According to many specialists, the notion of Big Data can be defined by the four V’s: Volume, Variety, Speed and Veracity. These four dimensions characterize it, and distinguish voluminous data from ordinary data. Through the computer graphics presented in this article, IBM highlights these specificities.
With the rise of digital technology, the notion of Big Data was born.
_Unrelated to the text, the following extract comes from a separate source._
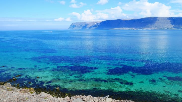 Dernière journée dans la vaste contrée des fjords du nord-ouest et déjà l’avant dernière grosse étape du voyage. Après la journée précédente placée sous le signe de la brume nous nous réveillons sous un grand soleil et découvrons également une autre facette des fjords, celle d’une eau crystalline et d’une visibilité très lointaine. Cap à l’extrême ouest de cette région avec tout d’abord les falaises de Latrabjarg puis la plage de Raudasandur. Avec comme chaque jour des panoramas remarquables tout au long de la piste, car oui aujourd’hui ce fut quasiment exclusivement de la piste. Sans oublier également une épave d'un bateau datant de 1912 échouée au fond d’un fjord.

The increased use of the Internet and its variations has led to an increase in data, in terms of volume, but also variety and speed, as well as a loss of accuracy. This evolution of data is, in the eyes of IBM Data Scientists, the one that characterizes and defines Big Data.
As part of its infographics on this subject, IBM begins by reminding us how this data transformation came about. The main factor of this change is of course the emergence of social networks, smart mobile devices, connected objects, but also the multiplication of transactions on the internet.
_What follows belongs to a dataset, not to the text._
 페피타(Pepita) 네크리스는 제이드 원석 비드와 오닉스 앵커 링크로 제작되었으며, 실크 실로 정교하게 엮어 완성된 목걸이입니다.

The IT giant also reminds us how companies can use this data. Big Data can be used to adapting its products and services to the needs of consumers, to optimize operations and infrastructure, or to find new sources of revenue. The Californian firm thus unveils 4.4 million jobs related to Big Data were created worldwide in 2015, of which 1.9 million in the United States.
The four V’s
To understand Big Data, IBM synthesizes this phenomenon by four major specificities: the 4 Vs. Volume, Variety, Velocity and Truthfulness.
Volume is the main characteristic of Big Data. Indeed, the term is taken directly from the huge amount of data generated on a daily basis. According to IBM, an average of 2.5 quintillion bytes of data are created every day, about 2.3 trillion gigabytes.
From year to year, the amount of data increases considerably. Over the whole year 2020, 40 zettabytes of data will be created, 43 trillion gigabytes. This is an amount 300 times more important than in 2005.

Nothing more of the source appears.